* **Try it**
What is needed is an exact copy of the listing, with no pictures in it.

---------- Input data

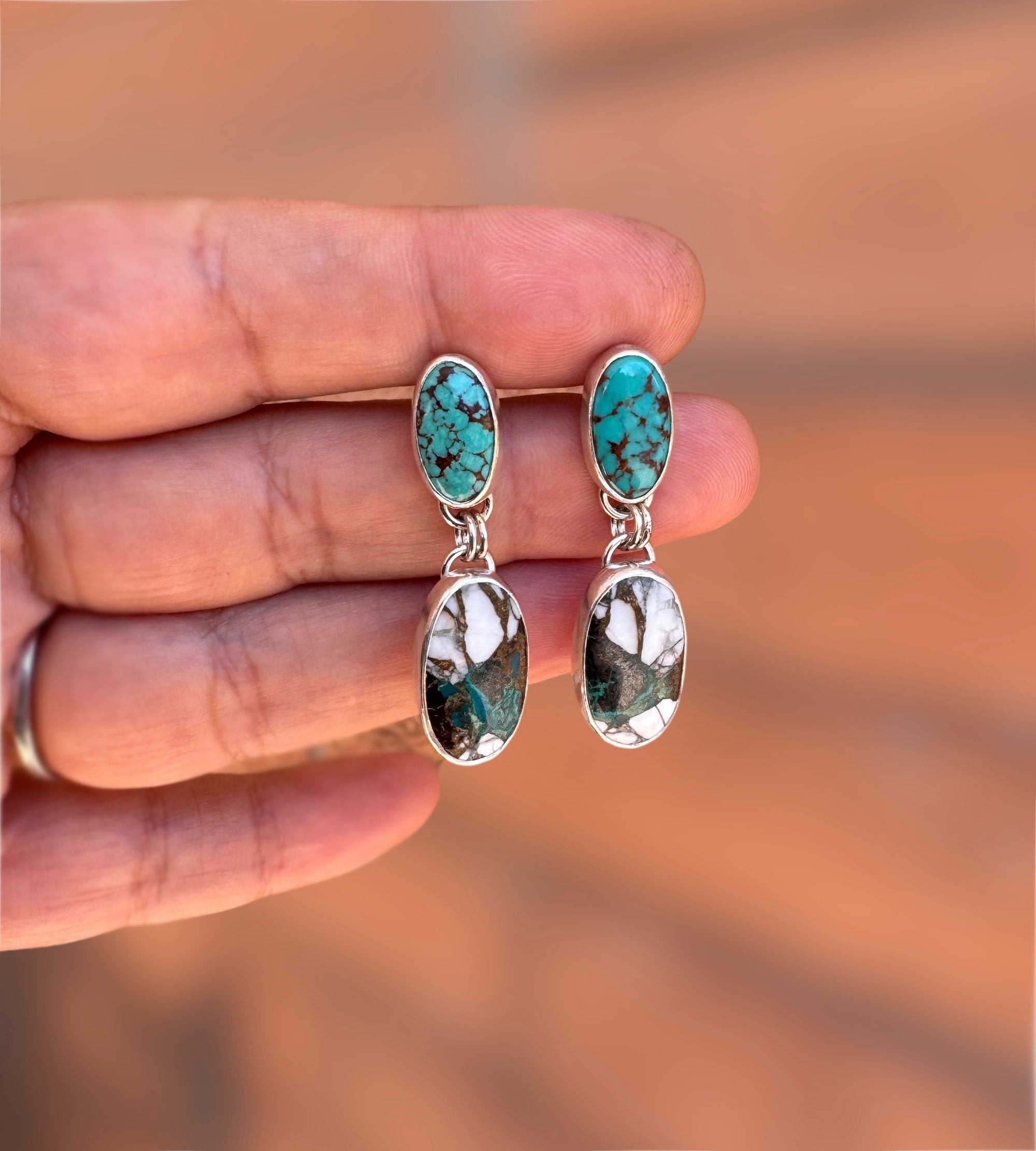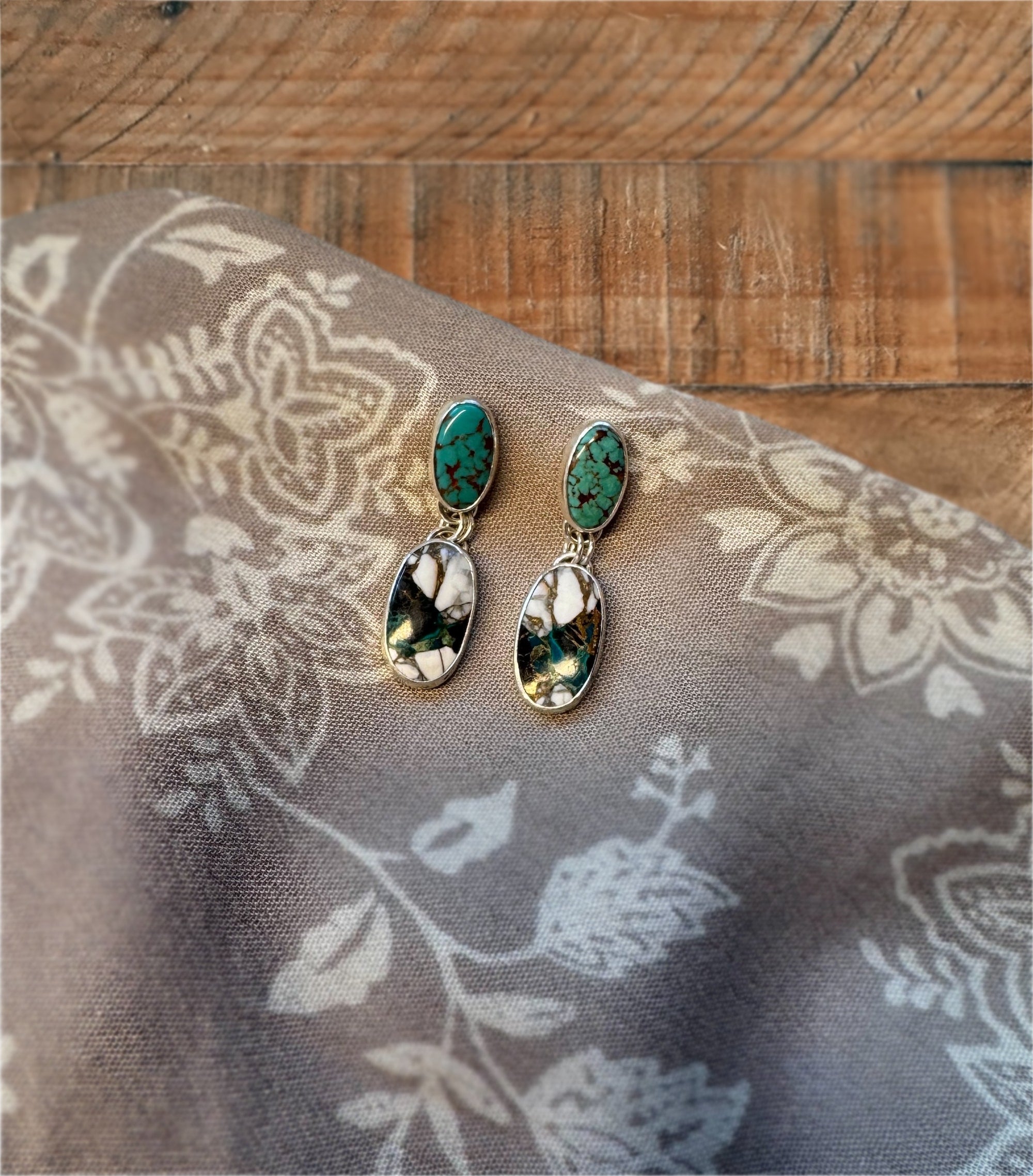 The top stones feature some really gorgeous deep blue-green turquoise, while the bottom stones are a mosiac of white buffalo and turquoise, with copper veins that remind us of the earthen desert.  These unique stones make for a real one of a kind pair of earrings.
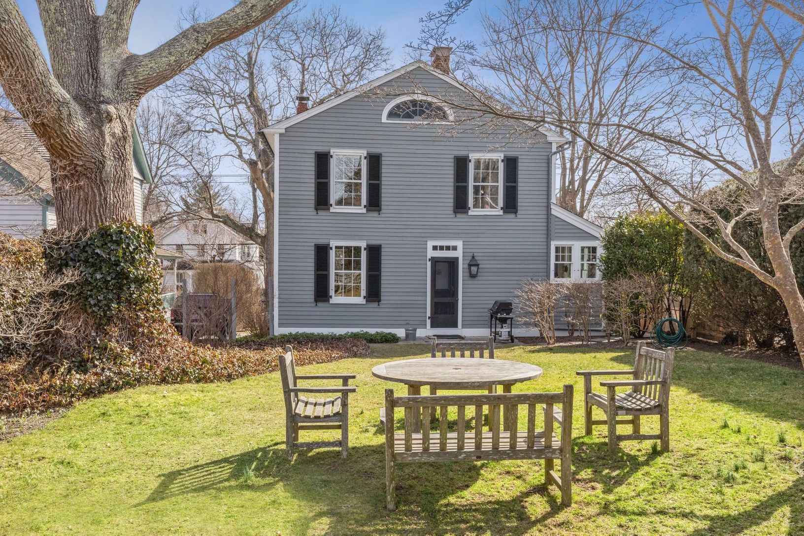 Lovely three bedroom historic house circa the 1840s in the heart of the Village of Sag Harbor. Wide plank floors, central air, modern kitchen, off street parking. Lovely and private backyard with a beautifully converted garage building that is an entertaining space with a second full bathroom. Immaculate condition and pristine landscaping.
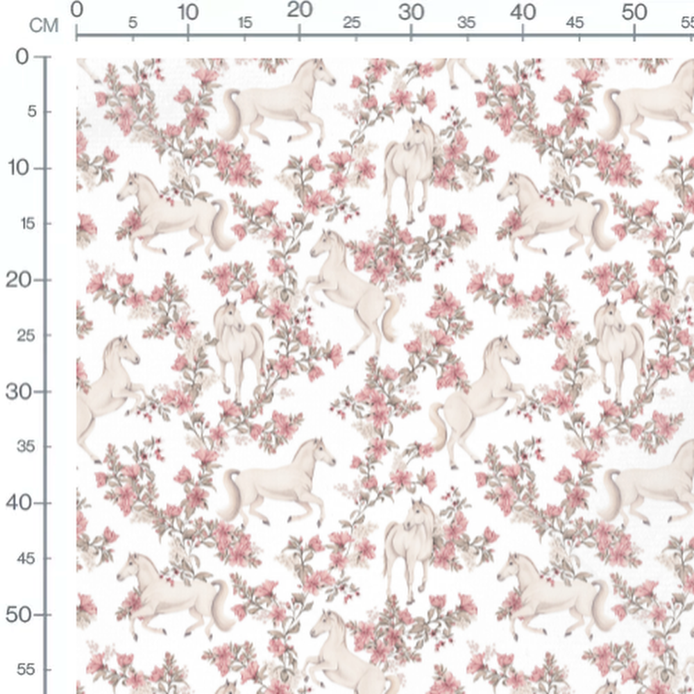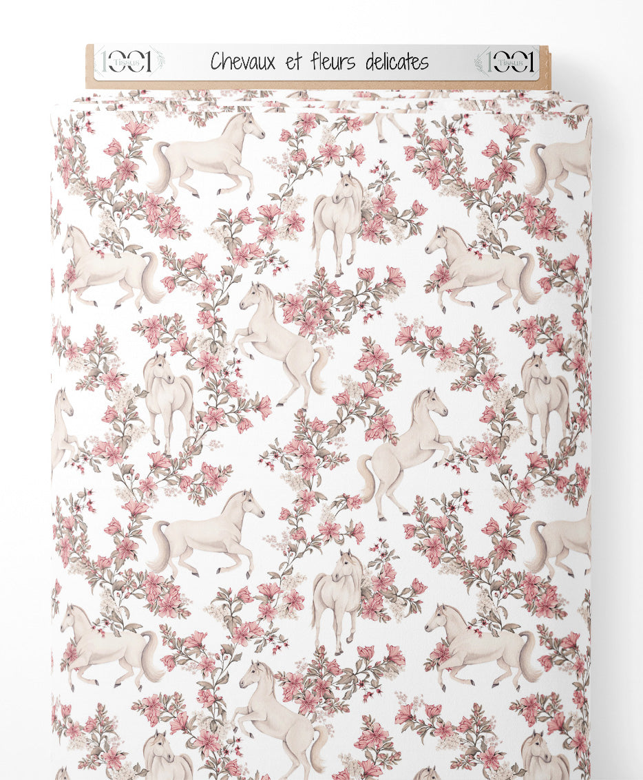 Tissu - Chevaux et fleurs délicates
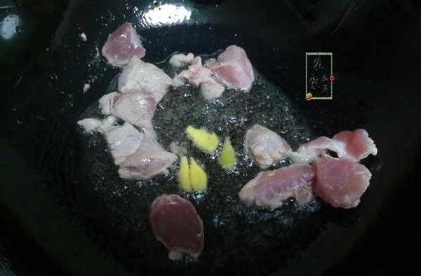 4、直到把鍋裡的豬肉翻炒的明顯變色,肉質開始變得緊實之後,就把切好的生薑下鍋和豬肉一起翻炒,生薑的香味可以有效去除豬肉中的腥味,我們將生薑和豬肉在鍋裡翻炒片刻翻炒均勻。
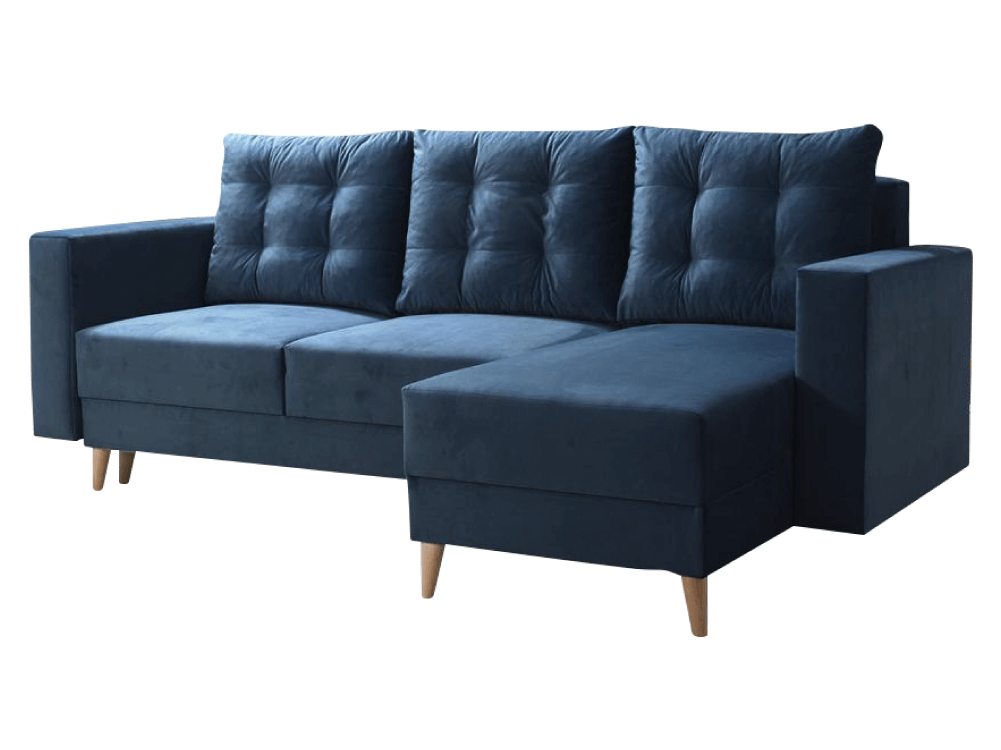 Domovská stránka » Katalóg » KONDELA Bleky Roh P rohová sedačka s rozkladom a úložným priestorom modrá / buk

--------------------

* **Solved problem**
 The top stones feature some really gorgeous deep blue-green turquoise, while the bottom stones are a mosiac of white buffalo and turquoise, with copper veins that remind us of the earthen desert.  These unique stones make for a real one of a kind pair of earrings.
 Lovely three bedroom historic house circa the 1840s in the heart of the Village of Sag Harbor. Wide plank floors, central air, modern kitchen, off street parking. Lovely and private backyard with a beautifully converted garage building that is an entertaining space with a second full bathroom. Immaculate condition and pristine landscaping.
 Tissu - Chevaux et fleurs délicates
 4、直到把鍋裡的豬肉翻炒的明顯變色,肉質開始變得緊實之後,就把切好的生薑下鍋和豬肉一起翻炒,生薑的香味可以有效去除豬肉中的腥味,我們將生薑和豬肉在鍋裡翻炒片刻翻炒均勻。
 Domovská stránka » Katalóg » KONDELA Bleky Roh P rohová sedačka s rozkladom a úložným priestorom modrá / buk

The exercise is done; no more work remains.